As far as Linda being stiff......omg, she is one of the least stiff riders I have ever seen. And Remmer is a VERY honest horse who will do *something* if he doesn't like something...and a stiff rider is one thing he does not tolorate. She was flowing with his motion, not bouncy, fluid, and Remmer was nice and quiet. 

Quite honestly I think you're just pulling at things to pick on. Do you not want Linda to be successful with Walter and in dressage? Hmmm...


----------



## Dumas'_Grrrl (Apr 2, 2008)

Spirithorse, Remember that everyone is allowed their opinions. If Spyder thinks that Linda stinks at Dressage, ok then, If so and so thinks that Parelli has good and bad points, share them. Please refrain from any more comments like " Are you kidding?? and "Did it ever occur to you" I found them to be borderline rude and would appreciate no further comments or accusations like you have already posted. If you continue to do so the thread will be locked.

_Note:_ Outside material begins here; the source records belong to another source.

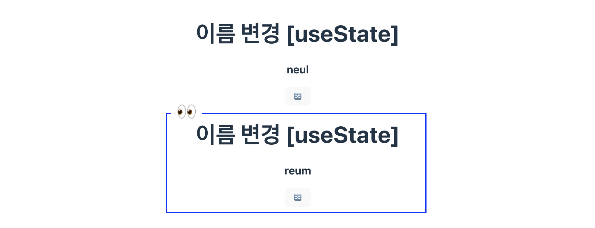 <button onClick={()=> setName(name === 'neul' ? 'reum' : 'neul')}>🔀</button>
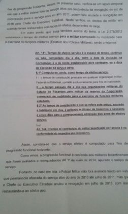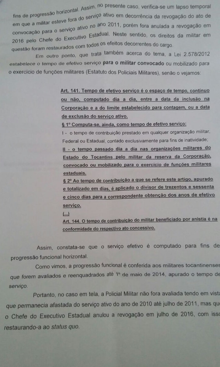 Doriane alega que foi retornada a ativa no ano de 2010, em carater transitório, tendo sua nomeação revogada em 2011, sendo que depois houve a anulação da revogação para a convocação para o serviço na ativa em 2016.
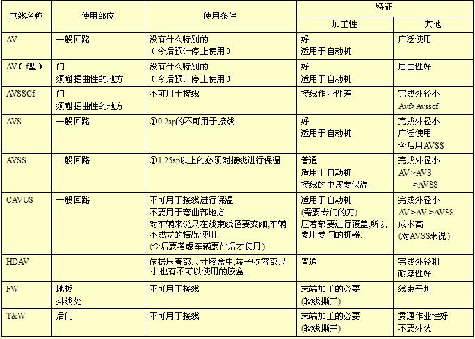 Types and characteristics of wire
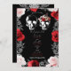 Skeleton Skull Red Pink Roses Gothic Engagement Invitation
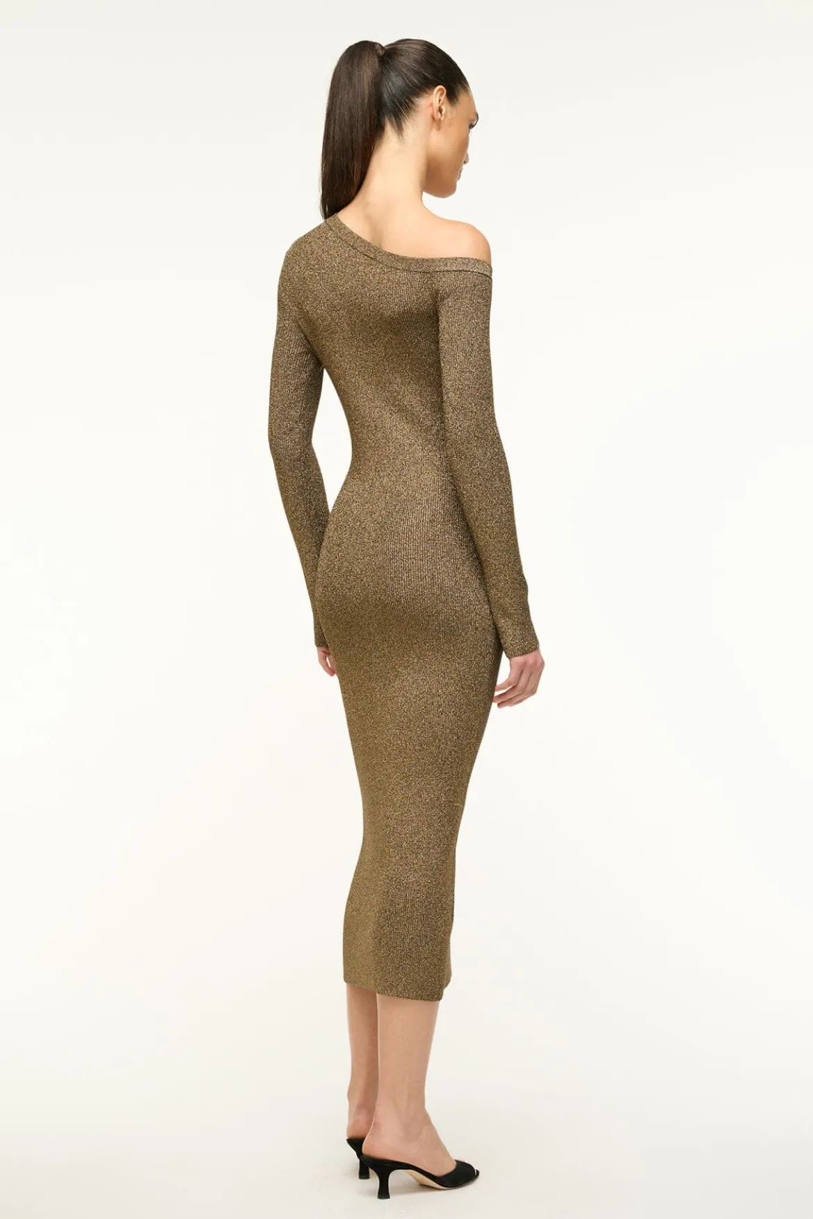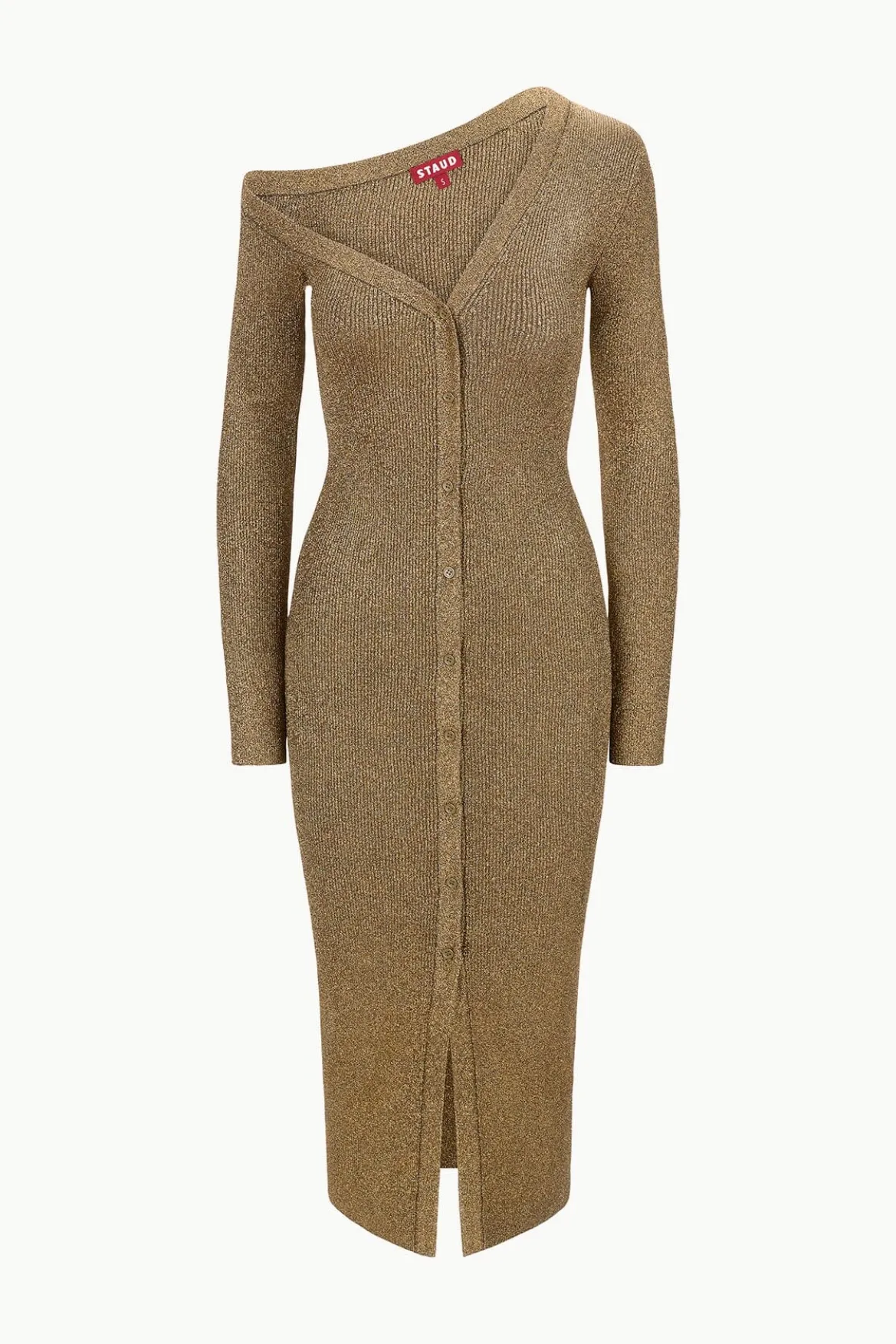 The Craftsman Sweater Dress is our update to the Craftsman Sweater. This style is an off-one-shoulder fitted midi dress.
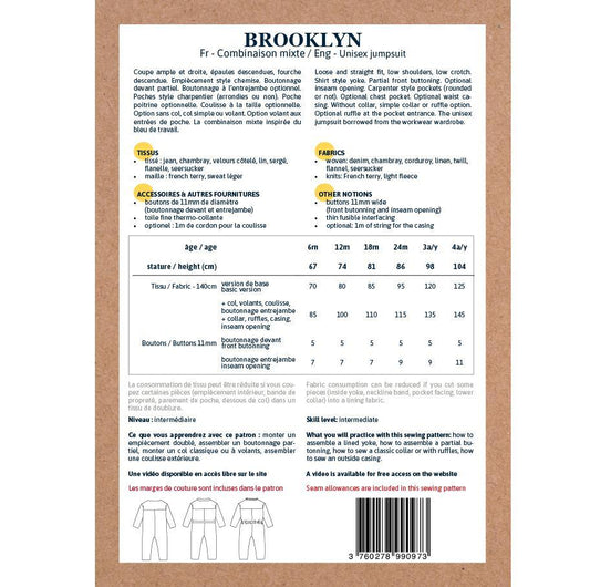 Ikatee - BROOKLYN Jumpsuit - Baby 6M/4Y - Paper Sewing Pattern
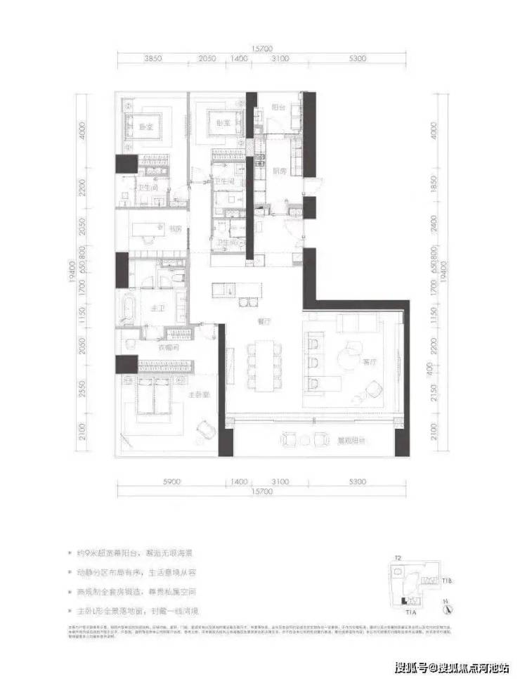 户型四套间设计,配备工人房,主佣分区,竖厅布局,约12m双厅进深,空间利用率很高。东端头位置,所有卧室都有开阔的景观,270°景观完全无遮挡。只存在T1B栋33-38层,仅6套。
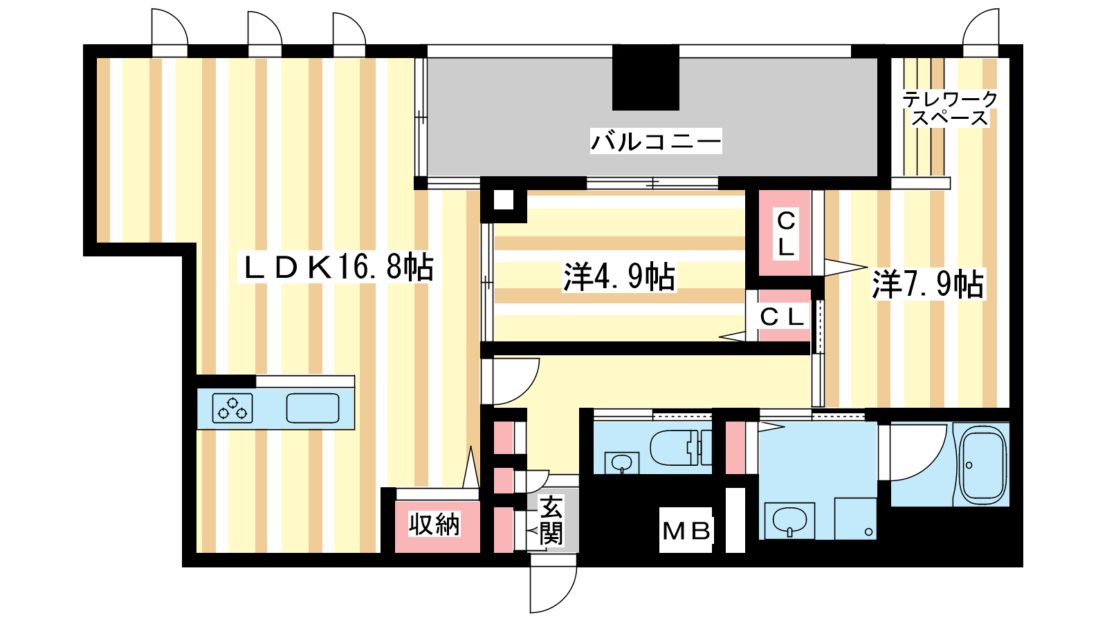 - LDK16.8帖、洋室7.9帖、洋室4.9帖
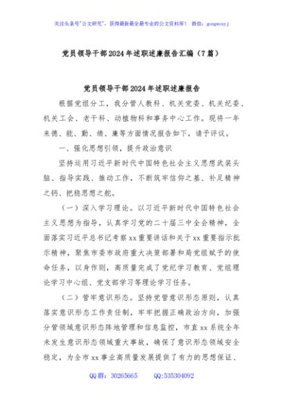 / (7篇)党员领导干部2024年述职述廉报告汇编

*As to everyone else. PLEASE remember our contientious ediquitte policy and post nicely. 

Thanks!!!

*


----------



## smrobs (Jul 30, 2008)

As far as the video goes, I know absolutely nothing about dressage but it just did not look fluid or balanced at all to me. As for the whole Pat Parelli thing, I believe he started out well a long time ago and is one heck of a horseman but he sold his soul for merchandizing rights. I completely agree with a previous post that he leads you to believe that "If you buy my products, you WILL have perfect harmony with your horse. Regardless of how similar other products are to mine, unless they have the "Parelli" stamp, they are not worth the less than 1/4 price tag you will pay for them." I am sorry and I mean no offense but with most parelli products, it is not quality you are paying for but the "Parelli" name. Plus, I just don't believe that you can really group every horse in the world into 4 personality profiles. That is like trying to group people like that, it just doesn't fit. Every horse is different and no one training style will work for every one of them. Wow, sorry for the rant. It's just that I have noticed that every year, he seems to come up with some new idea or gimmick to get people interested in buying his stuff.


----------



## Spirithorse (Jun 21, 2007)

Mark Weiler is the one responsible for the prices and the business side of the program. He owns 51% of the company and Pat and Linda have little to no say in the matter. It's a shame really, he's a jerk and he doesn't even own a horse.


----------



## Spastic_Dove (Oct 4, 2007)

The thing I don't like about Parelli, is how I think it is catered to take advantage to new and inexperienced horse owners. I think it doesn't have much merit in the saddle and people are spending so much time trying to "play" and get their horse to love them that they never get any true horse sense.


----------



## sandy2u1 (May 7, 2008)

in doing research....trying to find just the right trainer to help me with Major...I found that the Parellis had entirely to many videos that they say you need. I mean, it may be fine for those people with unlimited budget...but I felt it was way to costly for me. All training videos are expensive, but most trainers dont require that you purchase so many! I have a lot of respect for the Parellis and their ability to train horses...how can you see their horses in action and not. I just feel that their program is for the very rich.


----------



## kitten_Val (Apr 25, 2007)

I've watched Pat Parelli's videos and was able to watch just half of couple of them. Boring and not impressive... Also I've seen presentation by Level 3 or 4 (don't remember) instructors at Horse Expo. Boring as well: many people were leaving a show after 10 mins. And horses didn't look happy either. 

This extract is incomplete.